FLEET EMISSIONS’ AUDIT TRAIL ESSENTIAL FOR COMPANIES TO MEET NEW GREENHOUSE GAS REPORTING REGULATION

Recording fuel use, vehicle mileage and journey distances is becoming compulsory following the Government’s decision to introduce mandatory greenhouse gas emission reporting for publicly quoted companies from next April, according to fleet software company Jaama.
 
Approximately 1,800 companies listed on the London Stock Exchange will be subject to the new regulation, which could be extended to all large companies - a potential 31,000 businesses - from April 2016.
 
Greenhouse gas reporting includes emissions from vehicles ‘owned or controlled’ by companies including cars, vans and HGVs. 
But, the forthcoming regulation excludes the mandatory reporting of business travel by means ‘not owned or controlled by the organisation’, which includes employees driving their own vehicles on business trips. The Government has said it has excluded such journeys due to logistical difficulties and the administration burden. Nevertheless, it is asking companies to voluntarily report emission levels linked to such vehicle use.
 
The leading fleet, leasing and rental management software supplier says technology such as its Key2 Vehicle Management system is an essential tool for businesses to effectively and efficiently compile an emissions audit trail.
 
The Government says that fuel consumption and car mileage can be converted into CO2-equivalent emissions by applying relevant conversion factors.
 
Additionally, while Government departments have compiled guidance to help UK firms measure and manage vehicle greenhouse gas emissions, which it says ‘can be a significant source of emissions for many organisations’, it acknowledges that they can be ‘a challenge to report’.
 
The UK is the first country to make it compulsory for companies to include emissions data for their entire organisation in their annual reports.
 
The introduction of the reports, following consultations with leading businesses, will, says the Government, enable investors and customers to see which companies are effectively managing the hidden long-term costs of greenhouse gas emissions.
 
Measuring emissions is an important first step to managing them, giving companies an understanding of where their main emissions are, says Jaama. Not only that, but the cost of operating company cars and vans is almost always second only to staff costs for employers.
 
Jaama sales and operations director Martin Evans said: “By accurately measuring and then reporting emission levels, fleet operators can gain board approval for introducing new measures to enhance environmental management, which could include introducing more low emission vehicles, trimming fuel use and implementing mileage management procedures. Overall the effect of introducing an emissions focus will be to operate a cleaner, greener fleet that overall clocks up fewer miles thus potentially cutting costs.
 
“Not only that, but just like the implementation of occupational road risk management solutions in recent years which has contributed towards improving organisations’ corporate social responsibility, so emissions reporting can enhance a company’s reputation and brand value.
 
“Just as occupational road risk management best practice dictates that companies have a comprehensive audit trail of drivers, vehicles and journeys so greenhouse gas emission reporting necessitates a similar audit trail in relation to vehicles, journeys and fuel usage.”
 
In making the greenhouse gas reporting announcement, Deputy Prime Minister, Nick Clegg said: “Counting your business costs while hiding your greenhouse gas emissions is a false economy.
 
“British companies need to reduce their harmful emissions for the benefit of the planet, but many back our plans because being energy efficient makes good business sense too.”
 
The UK is committed to cutting UK carbon emissions to 50% of 1990 levels by 2025.
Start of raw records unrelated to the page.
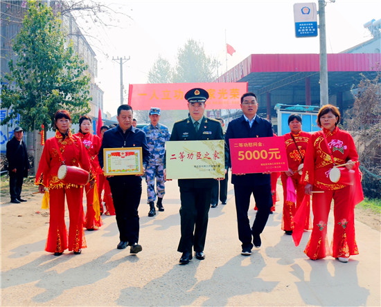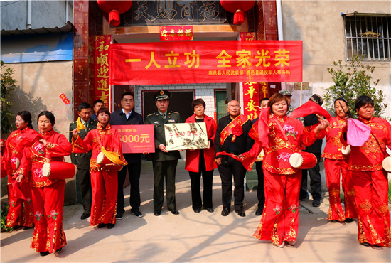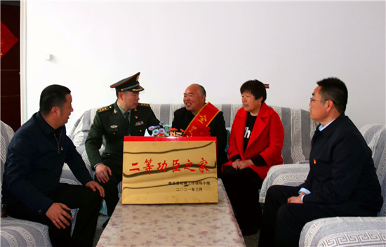 李峰說:“一張立功喜報(bào),不僅是軍人榮譽(yù)的象征、成長進(jìn)步的見證,也承載著軍人家屬的期盼與慰藉。功臣是實(shí)現(xiàn)強(qiáng)軍興軍目標(biāo)的尖兵,他們?cè)诓筷?duì)建功立業(yè),我們力所能及服務(wù)保障好他們的家人,積極在全社會(huì)營造起‘功臣受愛戴、軍人受尊崇、軍屬受尊敬’的氛圍?!睘榇?,鹿邑縣人武部積極構(gòu)建軍人軍屬榮譽(yù)體系,每逢重大節(jié)日,都要協(xié)調(diào)地方黨委、政府開展為現(xiàn)役軍人和軍屬送喜報(bào),掛功臣匾、光榮牌等活動(dòng),通過活動(dòng)激勵(lì)等形式,讓軍人軍屬享有更多的“專屬榮光”,努力營造“一人參軍,全家光榮;一人立功,全村光榮”的濃厚氛圍,更加堅(jiān)定了軍屬支持子女獻(xiàn)身國防的決心,進(jìn)一步激發(fā)了鹿邑籍官兵獻(xiàn)身軍營、報(bào)效祖國的積極性。②9
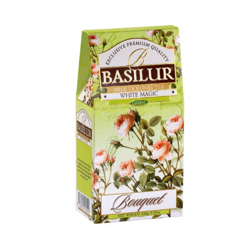 Зелений Улун чай Basilur з колекції Букет Біле чаклунство унікальний напій, який нікого не залишить байдужим. Поєднання ніжної квітки жасмину та пелюсток троянд з дивовижним відтінком вершків вразить будь-якого гурмана та цінителя чаю люкс класу. Після першого ковтка Ви відчуєте легку терпкість після якої настане повітряна м'якість і післясмак залишить після себе солодкий аромат. Прекрасний варіант для подарунка, його корисні якості допоможуть імунній системі бути в тонусі протягом дня.
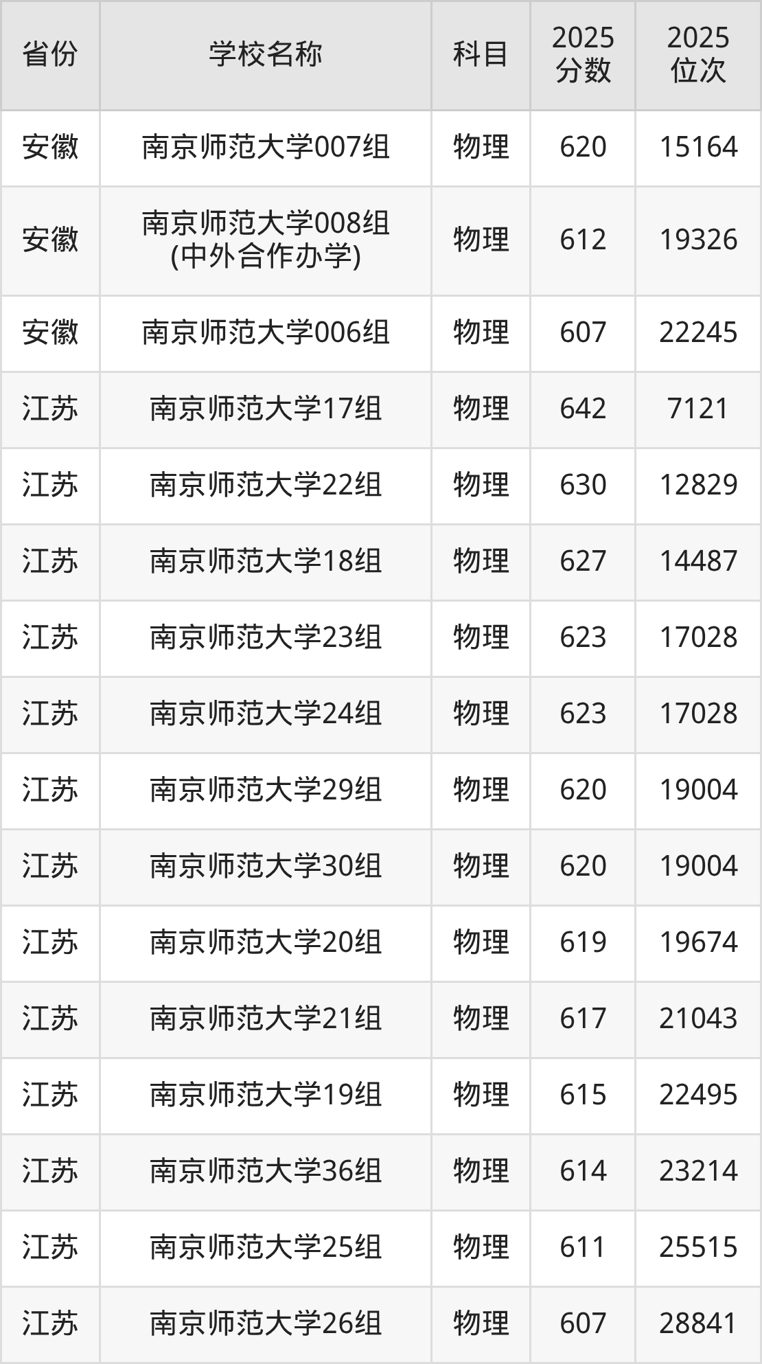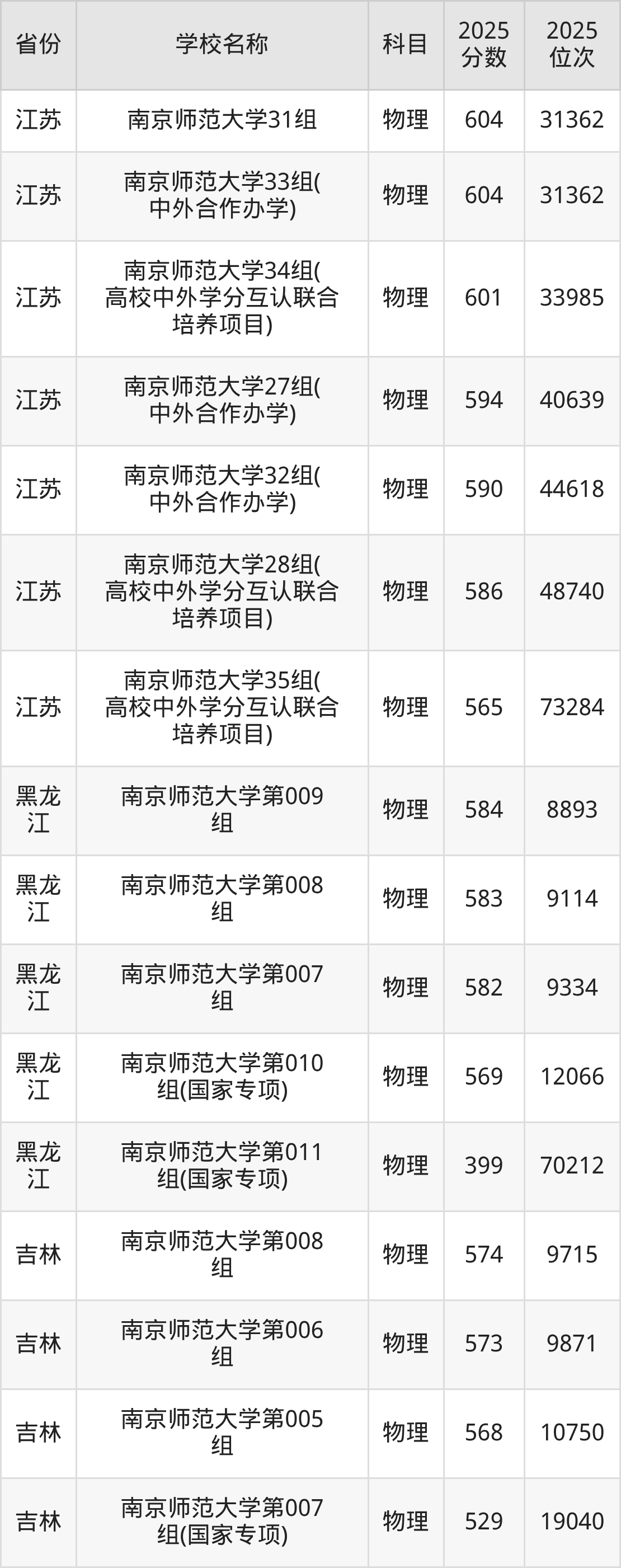 南京师范大学2025年有24个专业组面向江苏省内首选了物理科目的考生招生:

Reporting is the first vital step for companies to make reductions in these dangerous emissions. It is estimated it will save four million tonnes of CO2 emissions by 2021.
 
Although the measure initially only applies to companies listed on the London Stock Exchange, Mr Evans believes that it is almost certain that the Government will extend greenhouse gas emission reporting to all large companies – defined by the Department for Business Enterprise and Regulatory Reform as one employing more than 250 people, with turnover above £22.8 million and gross assets above £11.4 million. Under the Companies Act 2006 to be classified as ‘large’ the company must meet the threshold for size on at least two of the three measures. 
 
In the autumn the Government will publish a consultation on the draft regulations, which are likely to be effective from April 6, 2013. In late 2013/early 2014 the Government will issue revised guidance on how to measure and report greenhouse gas emissions to highlight regulatory obligations as well as continue to encourage additional voluntary reporting and, in 2015 it will conduct a review to decide whether the reporting requirement should be extended to all large companies in 2016.